Would you transcribe the whole listing exactly and drop its images?
━━━━
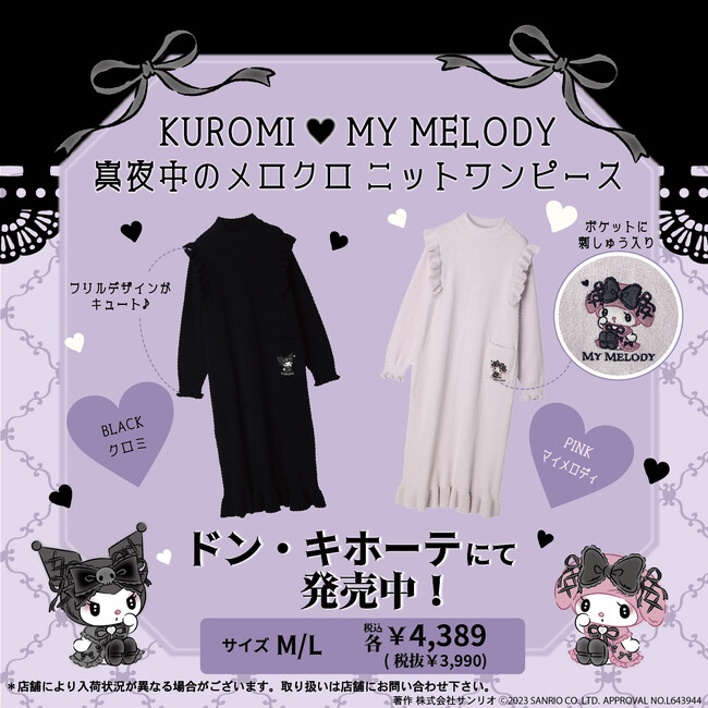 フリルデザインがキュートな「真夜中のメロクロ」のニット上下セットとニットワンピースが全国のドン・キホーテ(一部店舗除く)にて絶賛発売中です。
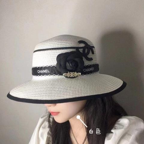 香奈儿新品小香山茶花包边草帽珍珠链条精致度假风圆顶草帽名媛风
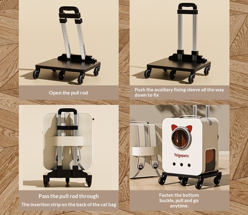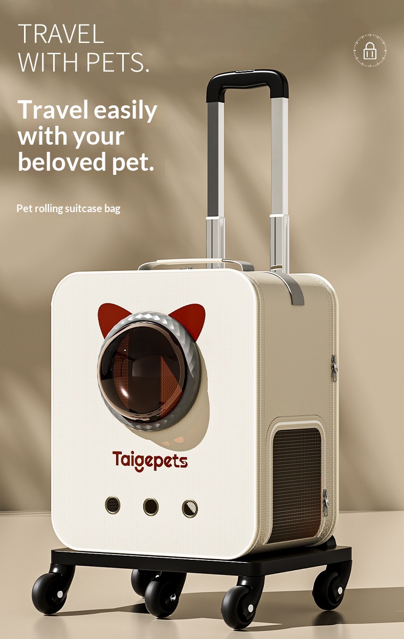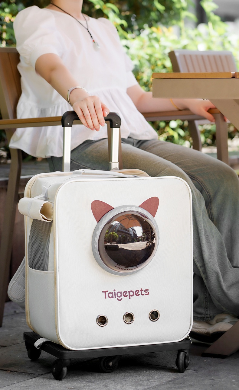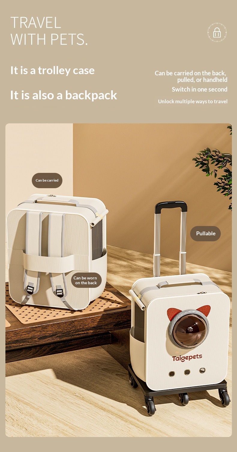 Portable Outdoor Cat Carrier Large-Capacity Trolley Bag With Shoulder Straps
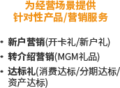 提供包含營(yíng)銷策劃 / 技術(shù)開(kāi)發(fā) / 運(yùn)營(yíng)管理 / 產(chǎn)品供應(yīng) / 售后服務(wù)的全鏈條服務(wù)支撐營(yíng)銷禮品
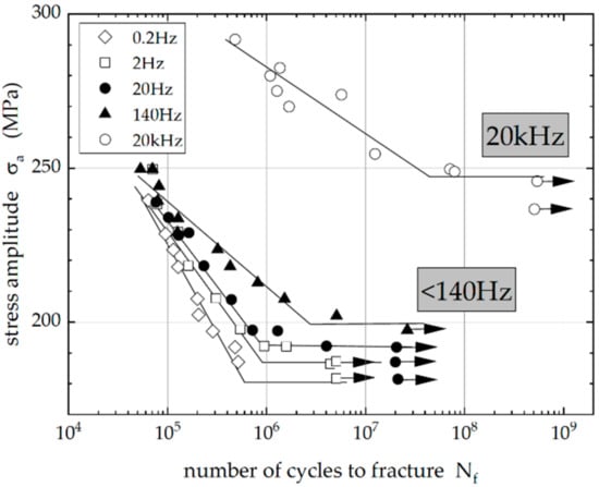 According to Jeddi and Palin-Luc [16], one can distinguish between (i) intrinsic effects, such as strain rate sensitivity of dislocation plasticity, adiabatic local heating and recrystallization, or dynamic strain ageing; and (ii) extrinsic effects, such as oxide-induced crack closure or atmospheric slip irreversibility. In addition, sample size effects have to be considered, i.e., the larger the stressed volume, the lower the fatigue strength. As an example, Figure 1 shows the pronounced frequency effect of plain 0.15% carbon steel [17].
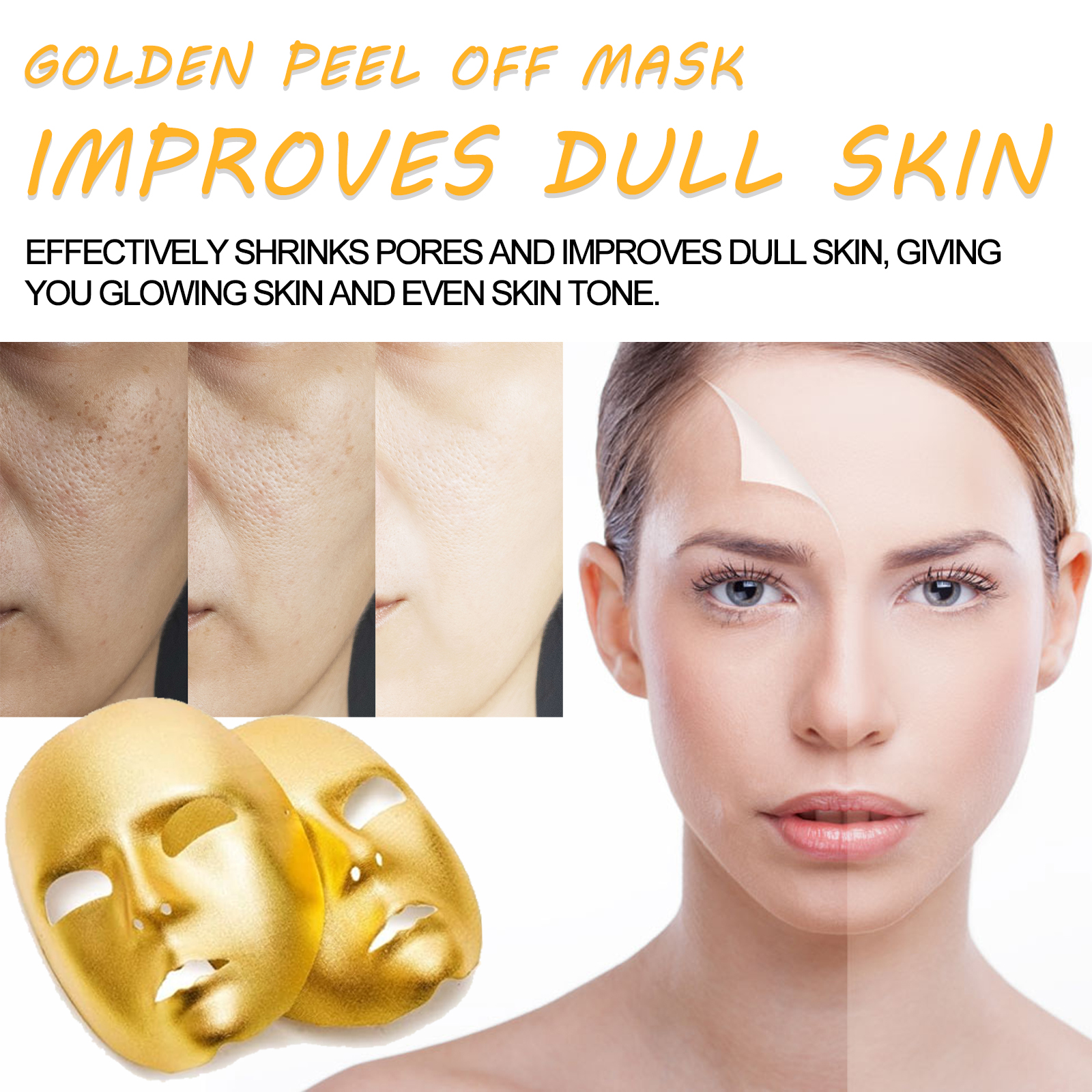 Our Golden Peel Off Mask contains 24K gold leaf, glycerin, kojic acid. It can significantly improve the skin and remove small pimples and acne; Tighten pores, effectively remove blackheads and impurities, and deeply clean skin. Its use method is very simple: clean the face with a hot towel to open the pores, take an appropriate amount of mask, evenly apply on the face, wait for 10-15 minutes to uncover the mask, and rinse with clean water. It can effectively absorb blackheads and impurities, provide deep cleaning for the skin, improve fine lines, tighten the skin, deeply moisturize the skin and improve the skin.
━━━━
▶ _Finished task_:
 フリルデザインがキュートな「真夜中のメロクロ」のニット上下セットとニットワンピースが全国のドン・キホーテ(一部店舗除く)にて絶賛発売中です。
 香奈儿新品小香山茶花包边草帽珍珠链条精致度假风圆顶草帽名媛风
 Portable Outdoor Cat Carrier Large-Capacity Trolley Bag With Shoulder Straps
 提供包含營(yíng)銷策劃 / 技術(shù)開(kāi)發(fā) / 運(yùn)營(yíng)管理 / 產(chǎn)品供應(yīng) / 售后服務(wù)的全鏈條服務(wù)支撐營(yíng)銷禮品
 According to Jeddi and Palin-Luc [16], one can distinguish between (i) intrinsic effects, such as strain rate sensitivity of dislocation plasticity, adiabatic local heating and recrystallization, or dynamic strain ageing; and (ii) extrinsic effects, such as oxide-induced crack closure or atmospheric slip irreversibility. In addition, sample size effects have to be considered, i.e., the larger the stressed volume, the lower the fatigue strength. As an example, Figure 1 shows the pronounced frequency effect of plain 0.15% carbon steel [17].
 Our Golden Peel Off Mask contains 24K gold leaf, glycerin, kojic acid. It can significantly improve the skin and remove small pimples and acne; Tighten pores, effectively remove blackheads and impurities, and deeply clean skin. Its use method is very simple: clean the face with a hot towel to open the pores, take an appropriate amount of mask, evenly apply on the face, wait for 10-15 minutes to uncover the mask, and rinse with clean water. It can effectively absorb blackheads and impurities, provide deep cleaning for the skin, improve fine lines, tighten the skin, deeply moisturize the skin and improve the skin.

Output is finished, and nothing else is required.